This article was submitted by Chris, many thanks for sharing a wonderful experience. I’m sure many smokers out there will be inspired by this story.
I have quit smoking twice in my life. The first time, I lasted about 6 weeks, and the second time… Well, I’m not a smoker at the moment, 7 months after I quit.
Is it easy? No, not really. And it’s not much fun, shouting at your loved ones over absolutely nothing for a fortnight either. However, the days, weeks and months that follow it are more than worth it, let me tell you.
Let me tell you my story: About a year ago, I ended up homeless. The long term relationship I was in had fallen apart, leaving me without a home, obese and unhappy. So, what did I do?
Well, I cried for a week and did nothing but smoke cigarettes and eat grapes, like any sane person would. But, after that, I decided it was time to sort my life out.

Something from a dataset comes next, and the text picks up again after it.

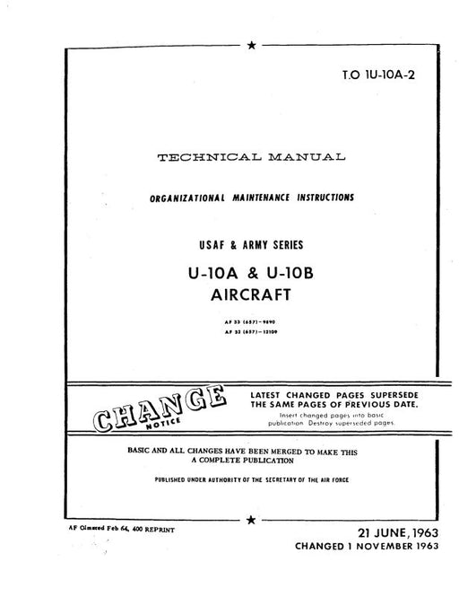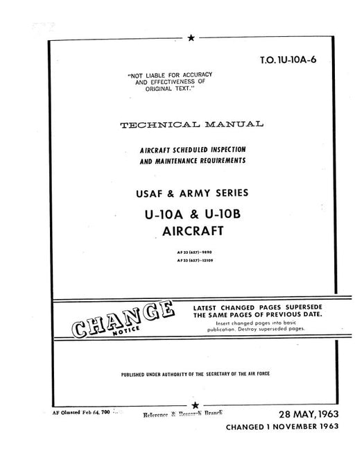 $17.00| /Helio Aircraft Corporation U-10A, B USAF & Army 1963 Inspection & Maintenance Requirements (1U-10A-6)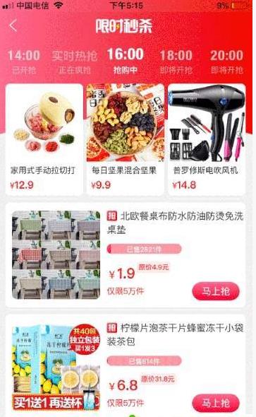 1.整点的时候还会有限时的秒杀的活动,大额的优惠活动,买到就是赚到;

First things first, I decided I needed to lose weight. I got on a diet, and was soon dropping the pounds week after week – in fact, in just six months I lost a little more than seven stone – that’s over 100lbs!
As part of my diet, I also started exercising (cycling, if you’re interested). This was all well and good, of course, but I quickly found that whilst my body was getting stronger, my lungs simply weren’t keeping up – my breathing was always harsh and ragged, and it wouldn’t take much to leave me sucking air like a Dyson. I had quit smoking more than a year previously, but the temptation of a social smoke with a drink was too much – and this slowly turned into a 10 a day habit before too long. However, this time I had also stopped drinking some time previously, so I literally had no excuse.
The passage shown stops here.